RAWLS'S NEGLECTED CHILDHOOD:
REFLECTIONS ON THE ORIGINAL POSITION, STABILITY,
AND THE CHILD'S SENSE OF JUSTICE
Written with Professor Samantha Brennan, University of Western
Ontario
In Children to Philosophers
(Edited by Garret Matthews and Susan Turner; published by University
of Rochester Press.)
And The Idea of Political Liberalism: Essays on Rawls
(Edited by Clark Wolf and Victoria Davion; published by Rowman
and Littlefield.)
Abstract of Noggle's half of the paper:
Rawls's argument for justice as fairness has two parts. In the first part
he argues that the two principles of justice as fairness would be chosen
by free and equal beings from a fair initial starting point. The second
part argues that the two principles are "stable." Part of this argument
rests on a conception of childhood and the moral development of children
which he borrows largely from Piaget and Kohlberg. In this paper, I will
examine the theory of childhood moral development Rawls endorses in A
Theory of Justice and ask three questions about it.
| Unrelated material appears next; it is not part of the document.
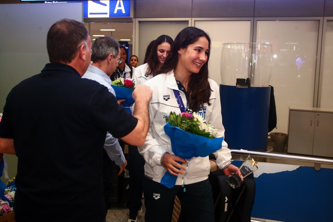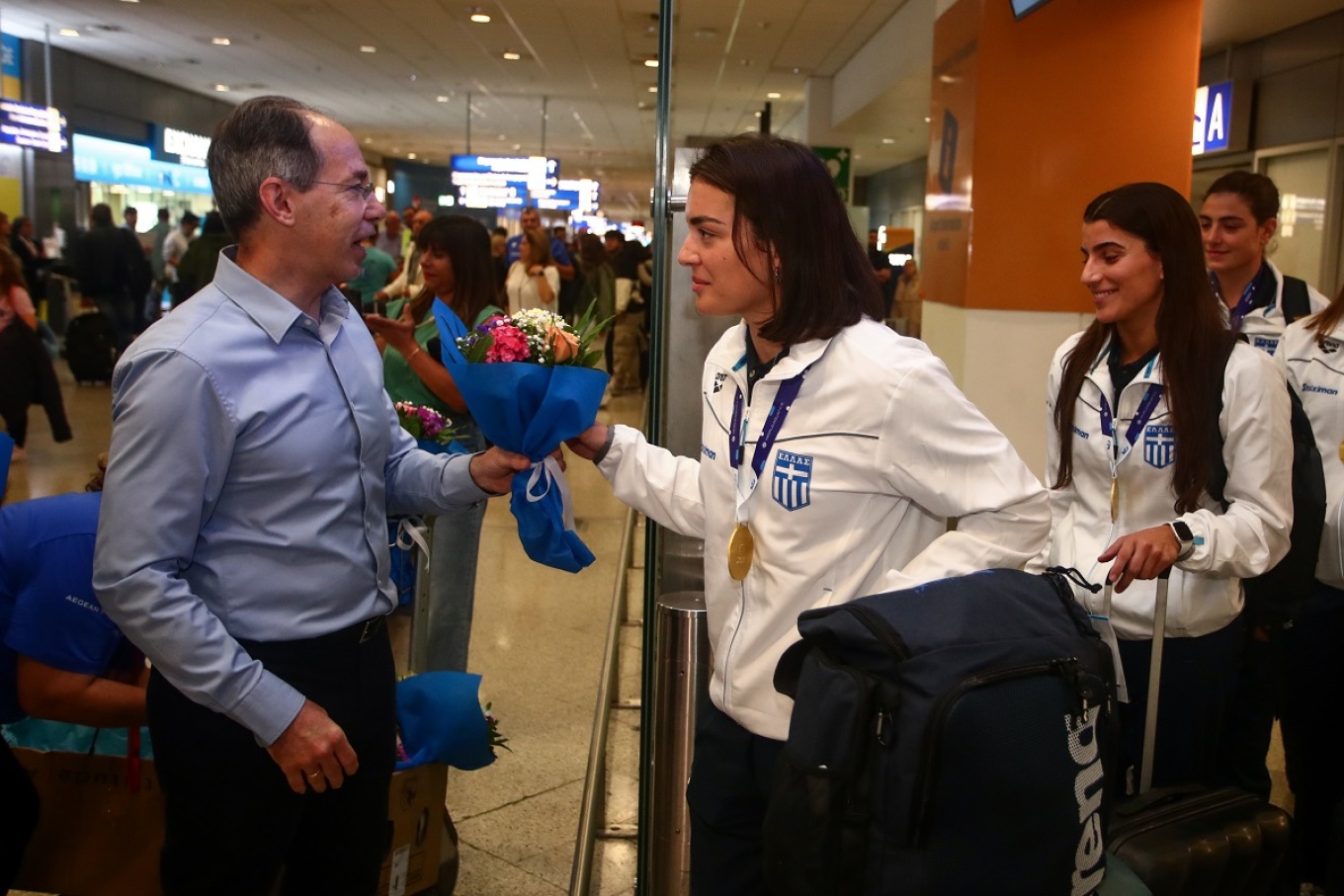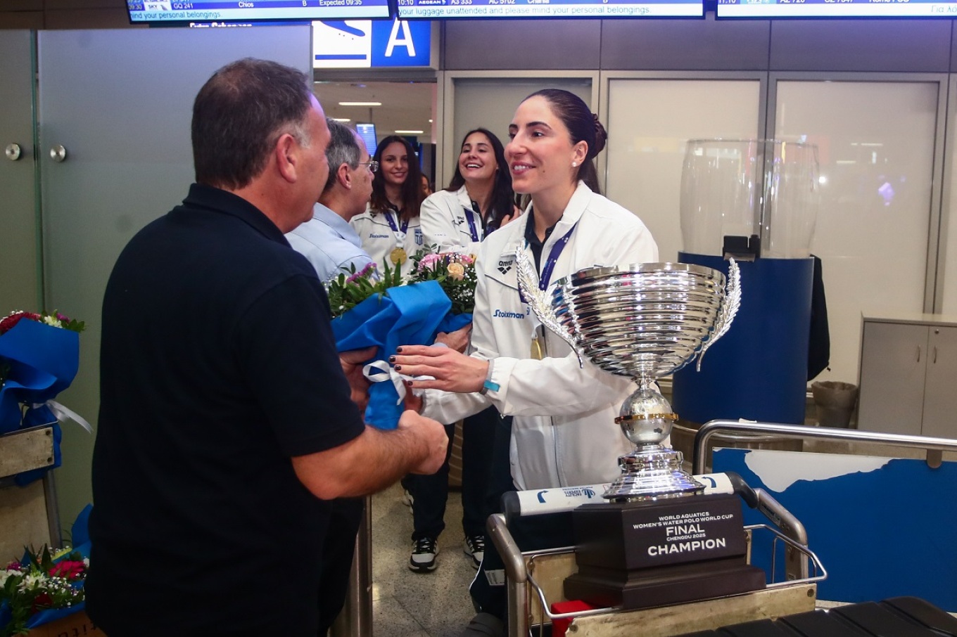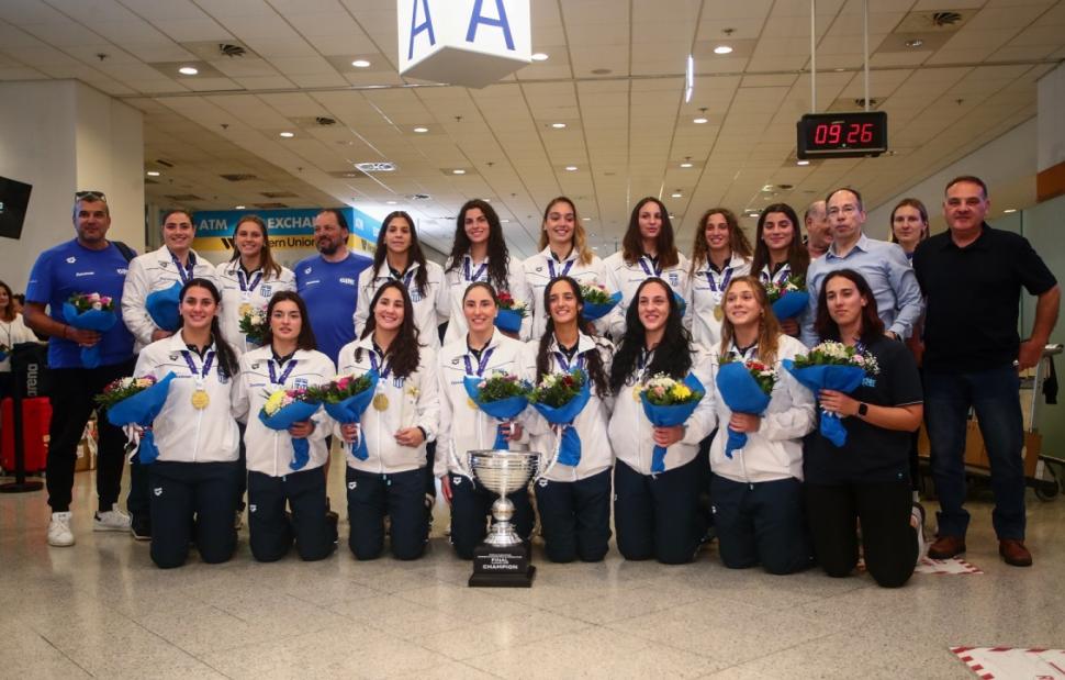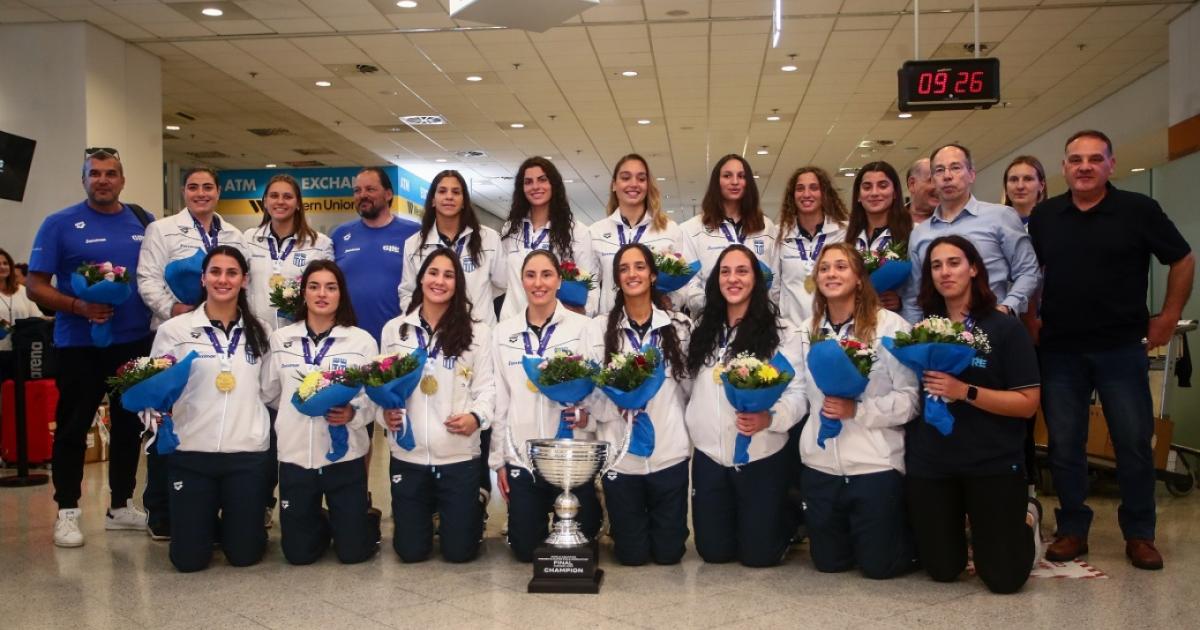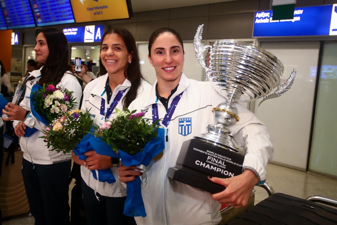 Στην Αθήνα επέστρεψαν τα «χρυσά» κορίτσια της Εθνικής ομάδας πόλο γυναικών, μια ημέρα μετά την κατάκτηση της πρώτης θέσης στο World Cup της Κίνας.

First, what is
the role of this material in A Theory of Justice? Second, why does
it seem to mysteriously drop out of the theory as it is presented in Political
Liberalism? Third, would it have been worth emphasizing more rather
than less? I suggest that if the Rawlsian project were to draw more heavily
on child moral psychology, it might be applicable to societies that do
not already have a history of liberal institutions.